Task instructions
All of the data should be reproduced word for word, though its pictures must be omitted.
Supplied data: Begin
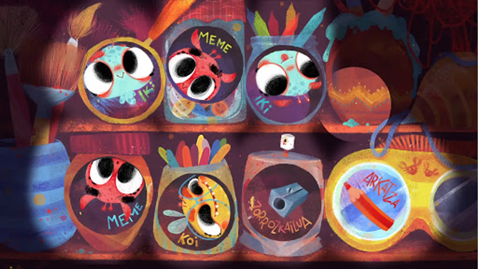 KOKOAK (Eider Eibar and Iskander Sagarminaga) is a game based on an idea by the authors. Eider Eibar, an illustrator of children's literature, has drawn the contents of the game. It is a game developed in collaboration with KOKOAK and HARROBIAK with the support of the Basque Government. Programming: Josu Cobelo / Coordination: Zuri Alvarez / Music: Mikel Iraurgi / Texts: Miren Amuriza.
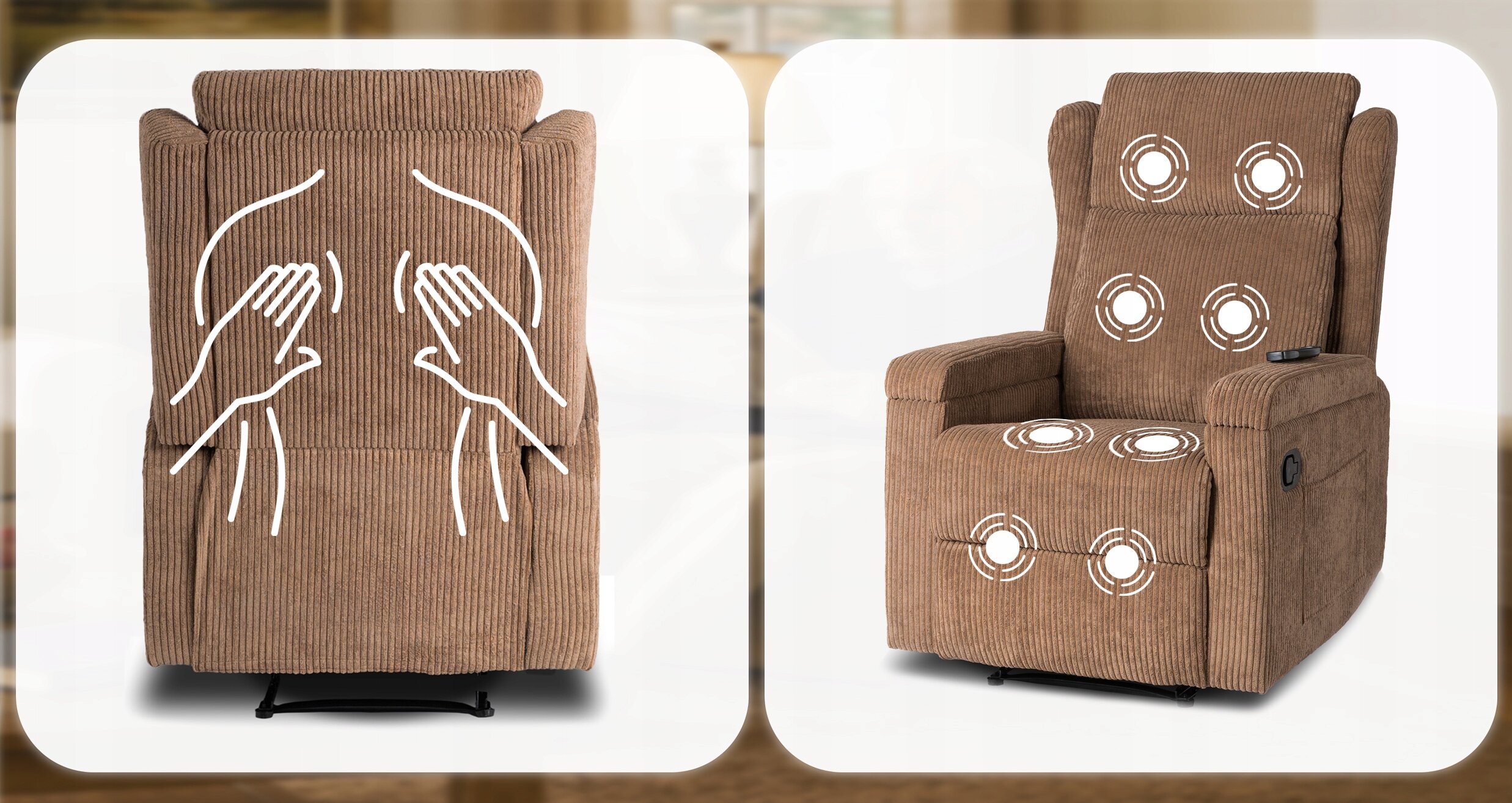 Fotel Masujący Rozkładany Wypoczynkowy Do Salonu Sztruks Brązowy SEBASTIAN
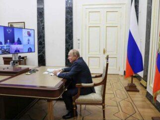 Фотография, опубликованная российскими государственными СМИ, на которой изображен президент Владимир Путин во время заседания Совета…
Supplied data: End
Result of this task
 KOKOAK (Eider Eibar and Iskander Sagarminaga) is a game based on an idea by the authors. Eider Eibar, an illustrator of children's literature, has drawn the contents of the game. It is a game developed in collaboration with KOKOAK and HARROBIAK with the support of the Basque Government. Programming: Josu Cobelo / Coordination: Zuri Alvarez / Music: Mikel Iraurgi / Texts: Miren Amuriza.
 Fotel Masujący Rozkładany Wypoczynkowy Do Salonu Sztruks Brązowy SEBASTIAN
 Фотография, опубликованная российскими государственными СМИ, на которой изображен президент Владимир Путин во время заседания Совета…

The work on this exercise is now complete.